A bus stop at Nikitsky Boulevard, between 7 and 8 PM a few days ago, cars moving really slowly, no trolleybus in sight.

A Bentley parks in the middle of the no-parking zone by the bus stop. A stocky, tough-looking, middle-aged driver in a suit gets out, lights a cigarette and starts walking back and forth, occasionally glancing in the direction of a fancy clothing store nearby. Naturally, he has an air of superiority about him.

Five minutes later, a girl emerges from the store and walks towards the Bentley, accompanied by a bodyguard. She looks typically classy; he looks a few degrees tougher than the driver.

The driver's back in the car, the girl's in the backseat, the bodyguard shuts the door after her, but stays outside. The car begins to back out.

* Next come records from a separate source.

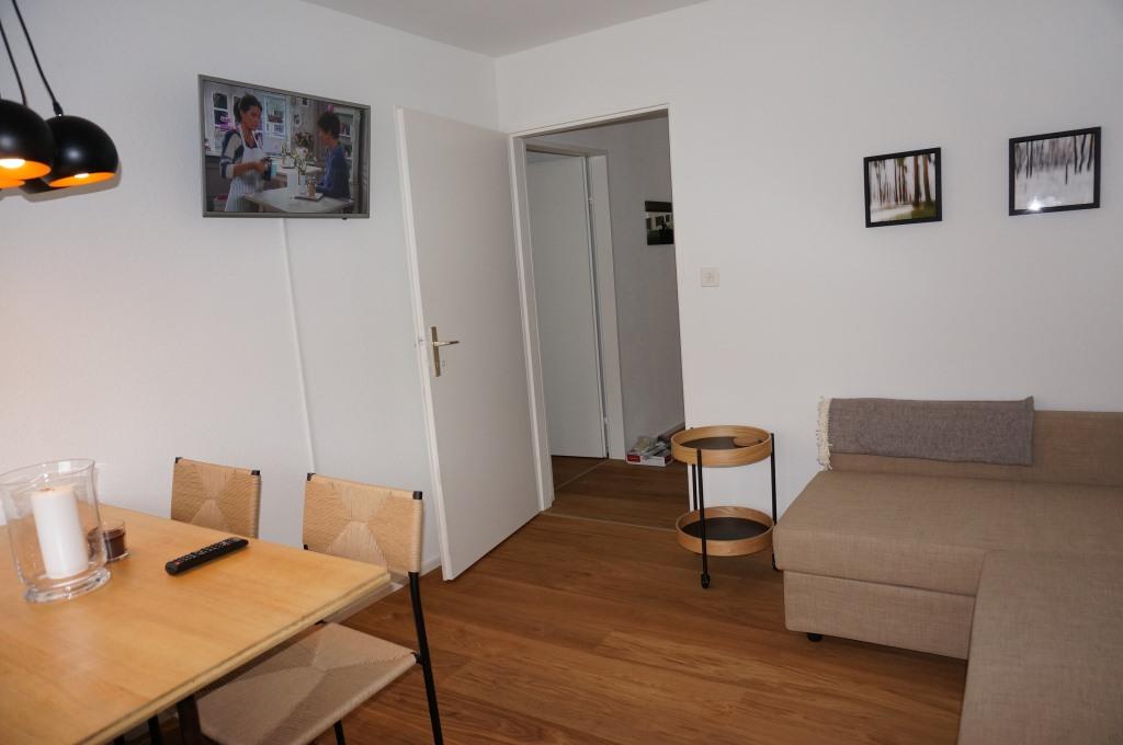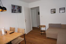 Wohnzimmer mit Sitzecke (Sofabett 1-2 Pers.) Esstisch, TV, Internet
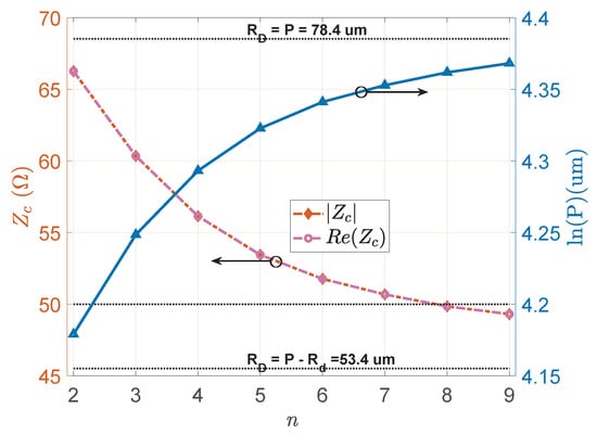 In the other simulation group, the cylindrical Cu TSVs still have a radius of = 25 m. While, aiming at maintaining being always at 50 , the TSV center distance P and the ground-TSV number n are adjusted simultaneously. When the number of ground TSVs increase from 2 to 9, the obtained TSV center distance P are m, 70 m, m, m, m, m, m, and m, respectively. The TSV center distance in the natural logarithm form at different ground-TSV numbers are presented in Figure 6. It can be noticed that there is a nonlinear relationship between and n. Generally, for constant , larger is required when there are more ground TSVs. By comparing the results of the two analytical groups, it can be concluded that when the ground TSV number is determined, the larger TSV center distance P is related to a smaller characteristic impedance , which is similar to the trend shown in (7).
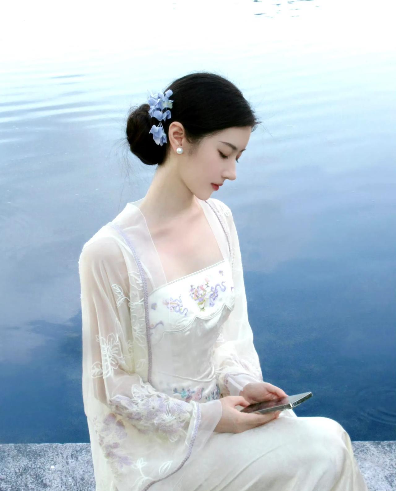 一位女子靠在栏杆上,身穿古装,气质优雅。

But, the traffic jam's still there - and a white SUV is right behind the Bentley.

The Bentley's driver begins to honk like crazy, but the SUV's not moving. For one thing, it's got no space around it to move away to.

Suddenly, the girl's bodyguard gets visibly jittery. He gesticulates to the driver, orders him to use the space in front of him to get out on the road, instead of honking and trying to back all the way out. The driver obeys, the bodyguard gets inside the car, and off they go, slowly but steadily.

When the Bentley's gone, we, the folks at the bus stop, get to see what had unnerved the bodyguard: the white SUV sports a Saudi flag decal on one of its windows - a Quranic inscription and a sword, ominous stuff in the context of Moscow - and the driver doesn't look like a tiny little man, either, judging by the size of his hand (see picture below).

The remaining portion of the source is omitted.